Jeremy Levin, et ux. v. JPMorgan Chase Bank, N.A.
JusticiabilityDoctri
Are blocked EFTs, originating with Iran, transferred into the U.S. by agents of Iran, and used to benefit its financial interests, immune from recovery by victims of terrorism and holders of TRIA judgments when the agent immediately sending the EFT is not itself an Iranian owned bank entity?
QUESTION PRESENTED CNN bureau chief, Jeremy Levin, was abducted by Tranian agents of Hezbollah in Beirut, Lebanon in the 1980s. Mr. Levin was held hostage, starved, and tortured, until his escape. Mr. Levin and his wife, Dr.

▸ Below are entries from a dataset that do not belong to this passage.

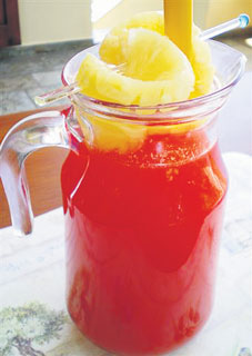 Σε μεγάλη κανάτα ανακατεύω καλά όλα τα υλικά εκτός από τη σόδα και τον πάγο (διατηρώ μερικές ώρες στο ψυγείο).
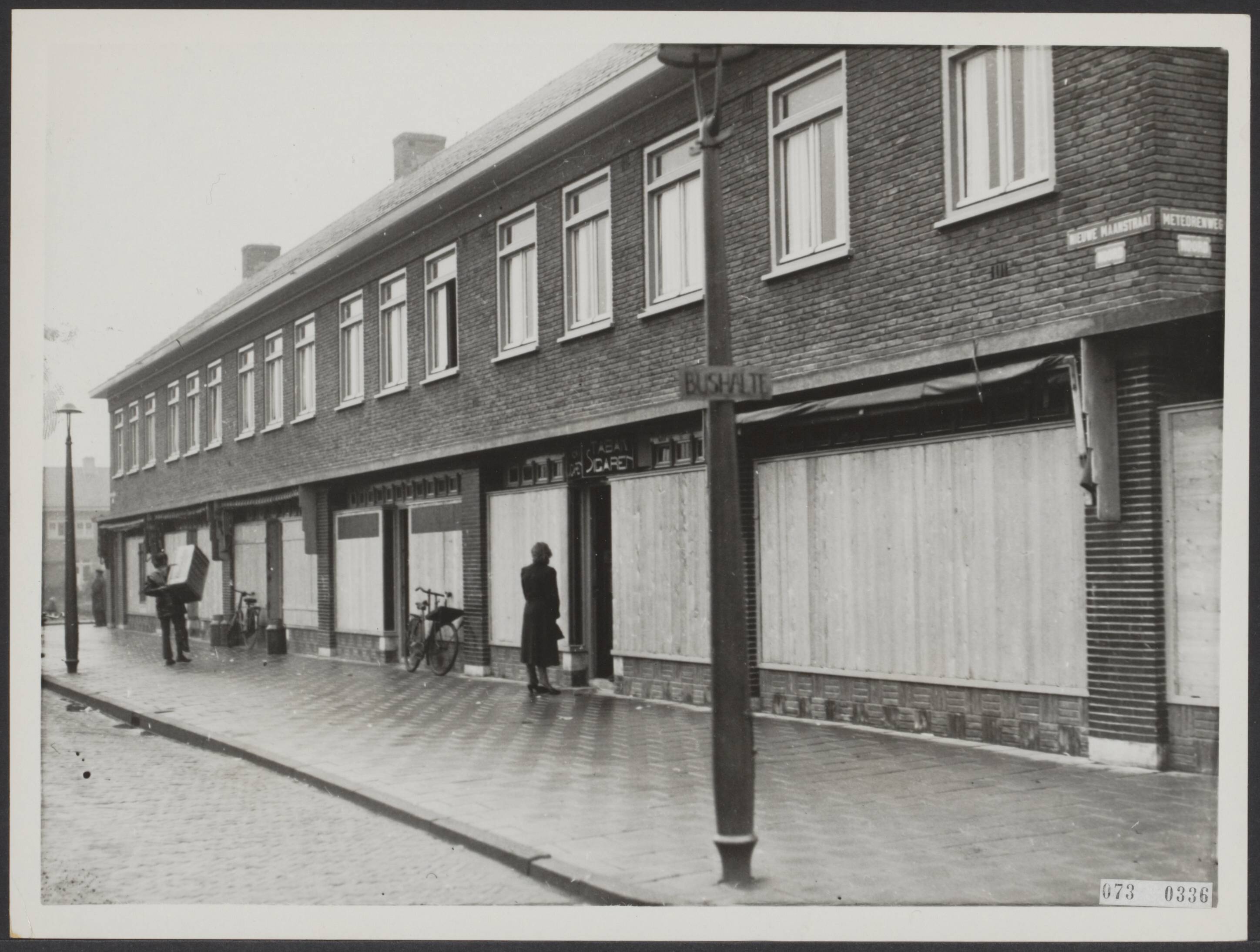 Vele gezinnen verlaten thans het zo zwaar de Engelse bombardementen getroffen tuindorp Oostzaan. De winkeliers namen overal voorzorgsmaatregelen. Geblindeerde ramen winkelstraat Nieuwe Maanstraat hoek Meteorenweg
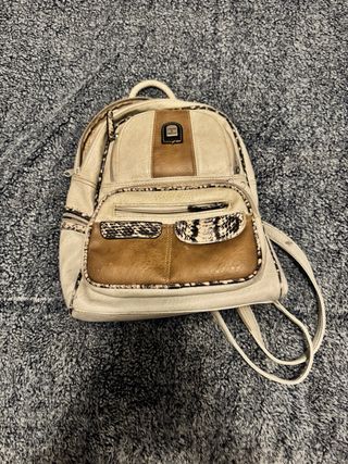 Mochila bolso con un diseño moderno y práctico. - Combinación de colores beige y marrón. - Detalles en estampado de serpiente. - Bolsillo frontal con cremallera. - Compartimentos interiores.
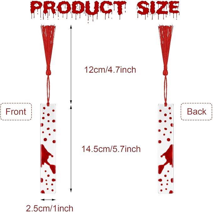 - Size and material: each blood drop acrylic bookmark is 2.5 x 14 cm/ 1 x 5.5 inch, the proper size to be placed into book; The bookmark is made of sturdy acrylic with vivid and bright blood stains, which is waterproof and durable
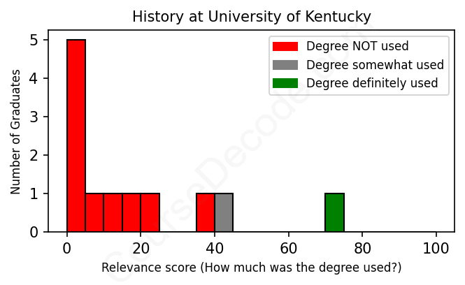 The verdict? Horrible! Overall, with an average relevance score of 17%, History graduates from University of Kentucky have an exceptionally lower likelihood (-50%) of finding work in this field compared to the average graduate across all fields:
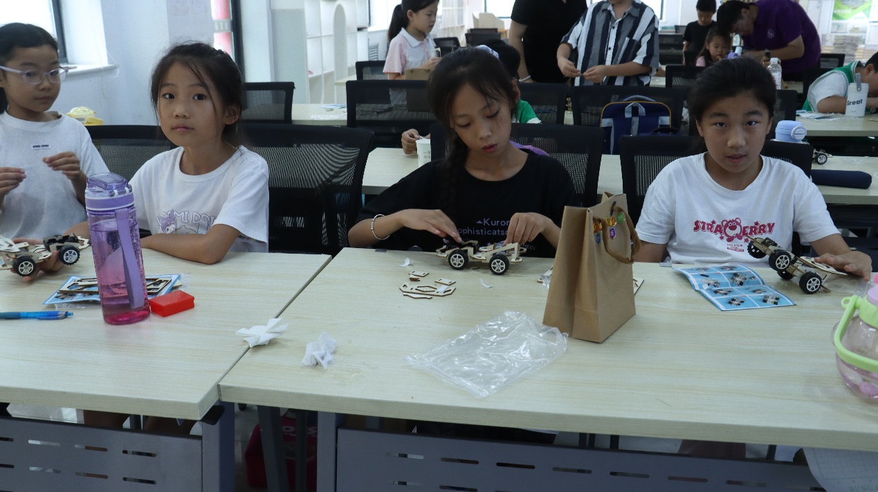 “荷风载笑语”是现场最生动的写照。阅览室外夏荷飘香,阅览室内笑语盈盈。当孩子们亲手组装的小车成功在地面上跑动起来时,成功的喜悦和自豪感洋溢在每个人的脸上。这不仅是一堂手工课,更是一次梦想的播种。通过亲手“造车”,孩子们直观感受到了机械的魅力,锻炼了动手能力、空间思维和解决问题的能力。同时,“圆梦”实践团成员也在与孩子们的互动中深化了对专业知识的理解,提升了沟通与组织能力,践行了服务社会、奉献青春的实践精神。
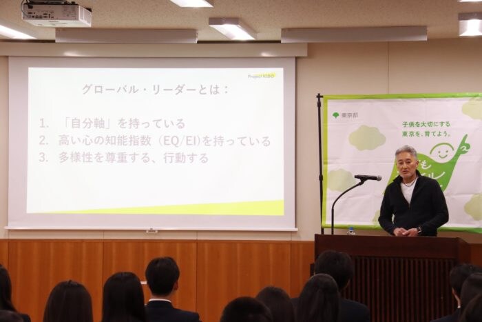 東京都板橋区にある帝京中学校・高等学校にて「グローバルリーダーに求められる力」をテーマに開催された特別授業には、帝京中学校「インターナショナルクラス」の1年生と、帝京高等学校「インターナショナルコース」の1年生・2年生が参加しました。
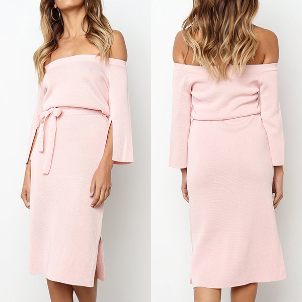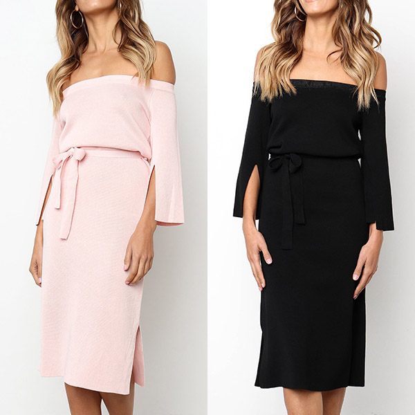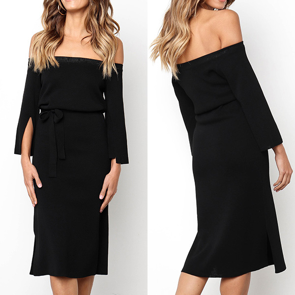 Comes with a solid color,the off-shoulder boat neck,slit 3/4 sleeve and slit hem design make this
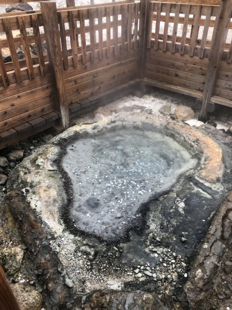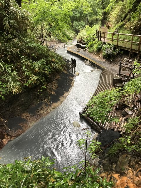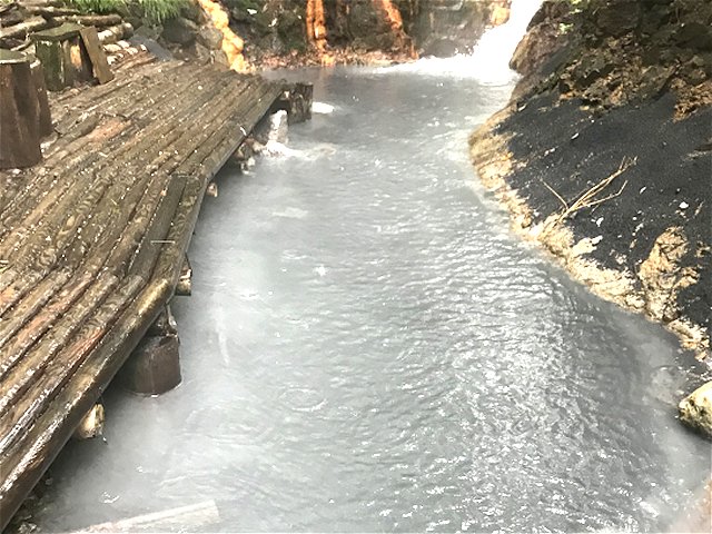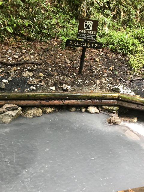 川に沿って木板や丸太が設置されています。シートやタオルを持参するとよい。大湯沼は40-50℃ありますが、大湯沼川の足湯の温度は38℃〜40℃で適温です。肌触りは優しく、肌はスベスベに。
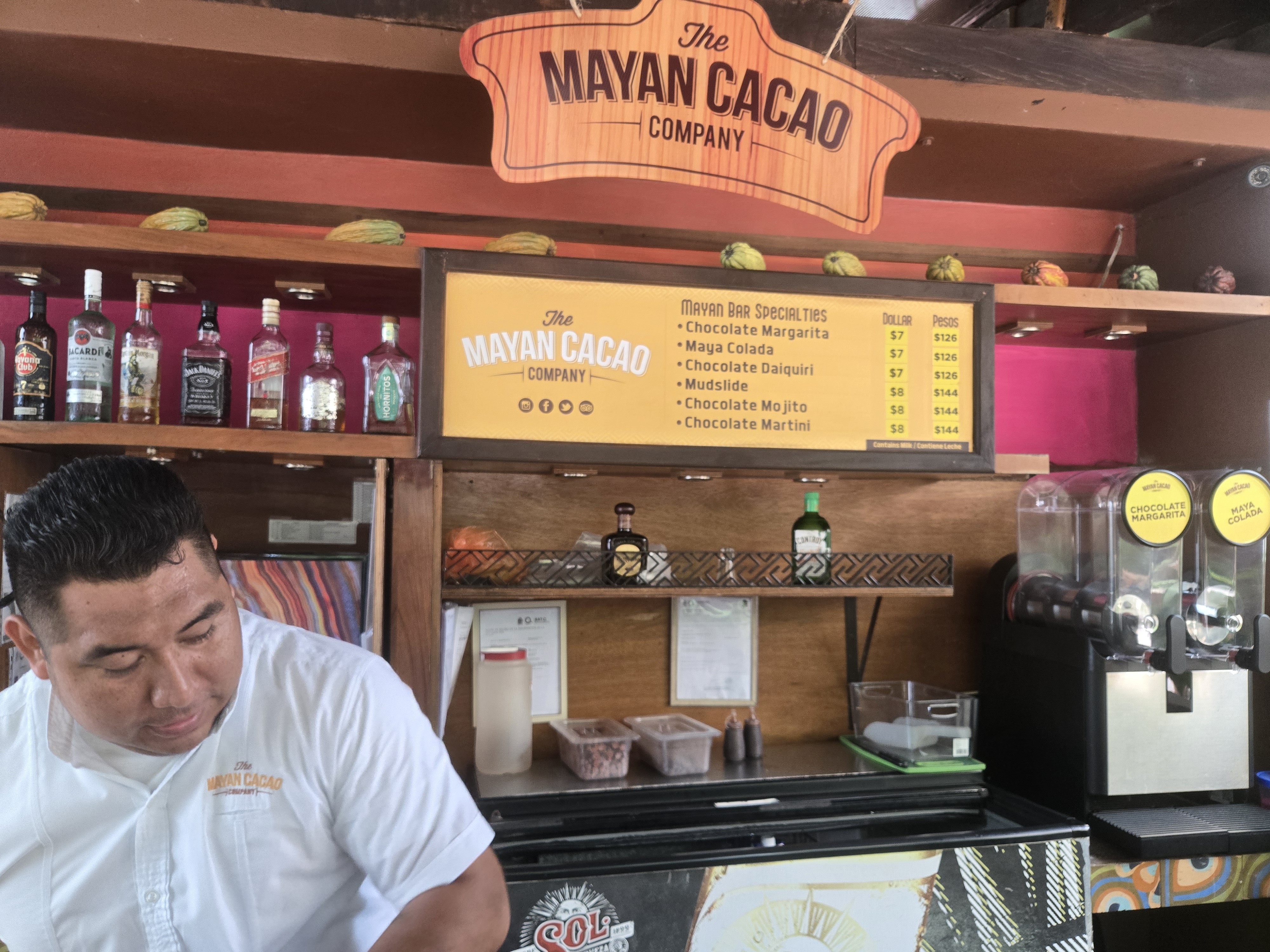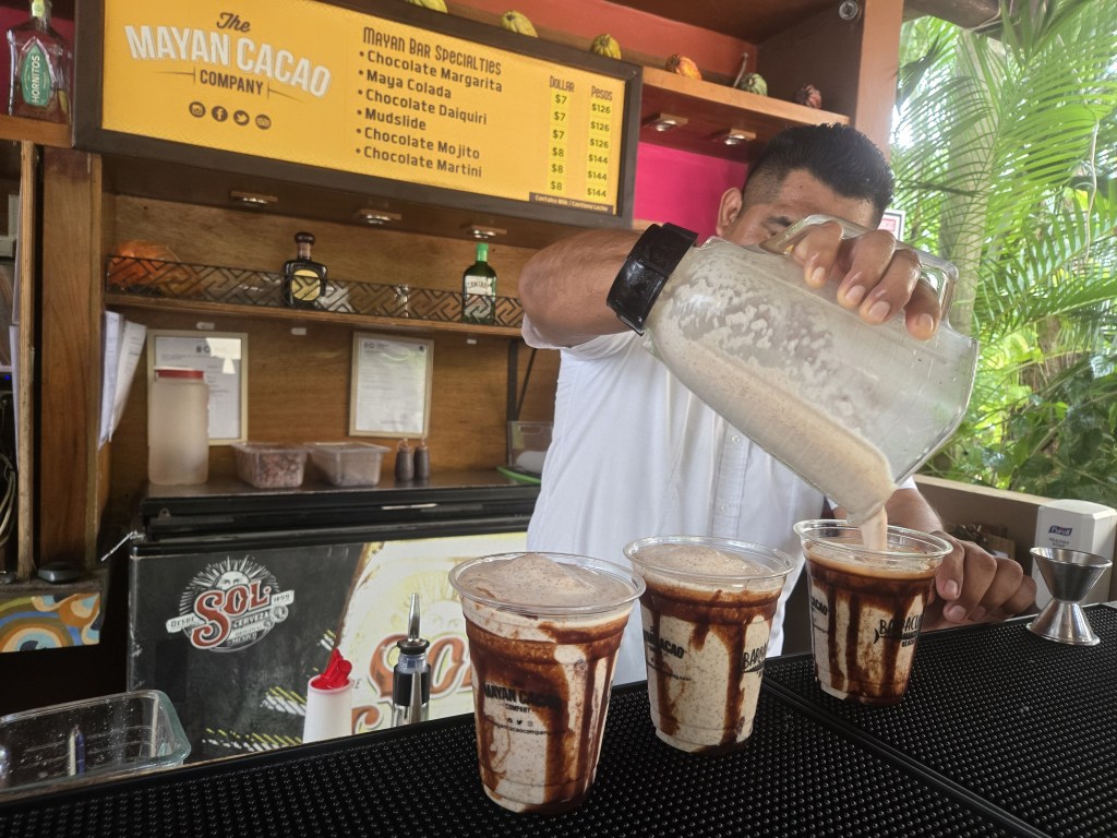 After the ruins, back on the bus and after a tour of the island and coast it was on to the Chocolate Factory. Cacao. We had been there before but it was just as interesting as the first time. Cacao, which is really bitter on its own, and the locals drank it with hot water. It was really yucky. Luckily the Eurpoean’s took it to Europe and added milk and made it wonderful! We had a fun demonstration of how it is mixed and flavors added to make it bearable.
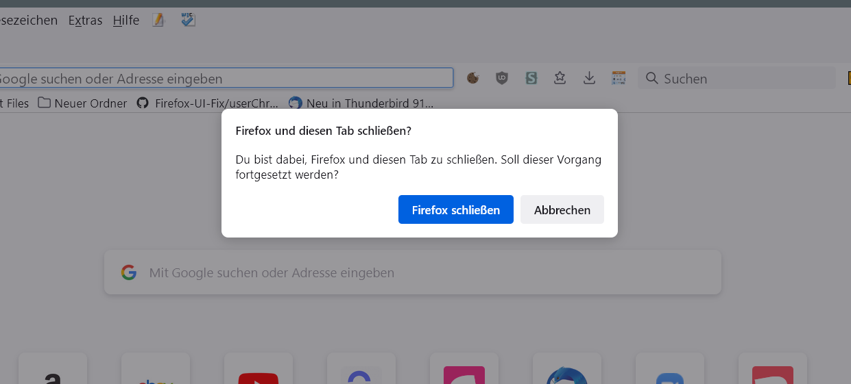 Ich habe die entsprechenden Zeilen aus dem obigen Script ins Neue eingesetzt. Wenn ein oder mehrere Tabs beim schließen geöffnet sind kommt die Abfrage ob ich wirklich will. Ist der eine Tab aber home oder newtab kann ich FF gar nicht mehr schließen. Leider habe ich ja keine Ahnung vom Programmieren und nur mit vergleichen und probieren gearbeitet.
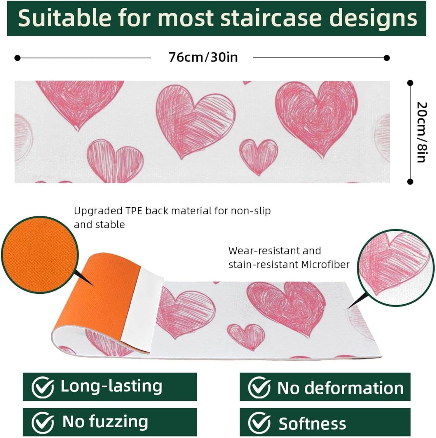 Measurement: Sturdy stair rug is 30 x 8 in / 76 x 20 cm, Stair treads thickness is 5 mm. Installs on the stair to guard the steps from injury. Defending the aged, kids, and pets from slips when going up and down the steps.
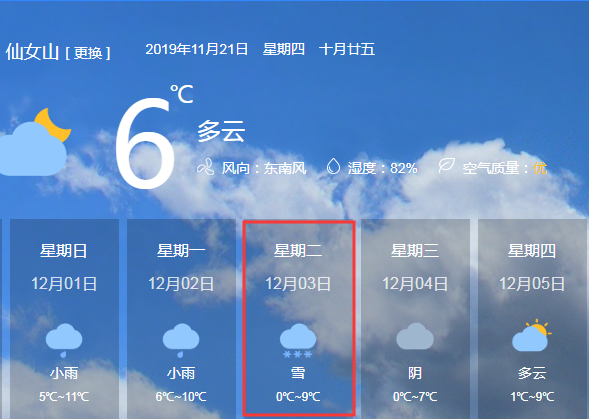 最新天气预报信息,今天仙女山第一场雪在12月3日即将来临,还等什么?赶紧计划准备领略南方的北国风光。
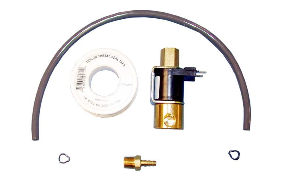 | Included | 1/4 in polyethylene tubing | Brass barb fitting | PTFE tape | Solenoid valve | Squeeze hose clamp |
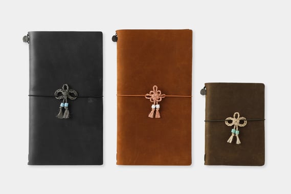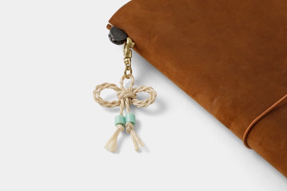 結び目の輪にゴムを通して、トラベラーズノートに留めることができます。ナチュラルとグレーのすす染は、二重叶結びになっています。結び目の表が「口」の字、結び目の裏が「十」の字になり、合わせると「叶」の文字になることから、叶(かのう)結びと呼ばれ、お守りの口を閉じるのによく使われます。ピンクのベンガラ染は、菊結びで仕上げられています。

Lucille Levin (the “Levins”), both octogenarians, have partially unsatisfied judgments against Iran under the Terrorism Risk Insurance Act (“TRIA”) and seek to collect against Iranian assets in New York banks, including those made by electronic fund transfer (“EFT”). In 2017, the Levins sought to attach a blocked account that was the product of an Iranian EFT, processed through its correspondent bank in London. The District Court, affirmed by the Second Circuit, denied the Levins’ motion to supplement their complaint with this blocked asset, holding that EFTs are exempt from TRIA if Iran does not directly transfer the fund to the account, applying only state law, namely N.Y. U.C.C. section 4-A-503, and ignoring federal law, TRIA’s preemption clause, and N.Y. U.C.C. sections 4-A-402 and 4-A-501. In doing so, the Second Circuit has charted a path for terrorists to launder money using domestic and international banking systems in contravention of U.S. anti-terrorism law and in conflict with the D.C. Circuit. The Question for the Court is: Are blocked EFTs, originating with Iran, transferred into the U.S. by agents of Iran, and used to benefit its financial interests, immune from recovery by victims of terrorism and holders of TRIA judgments when the agent immediately sending the EFT is not itself an Iranian owned bank entity?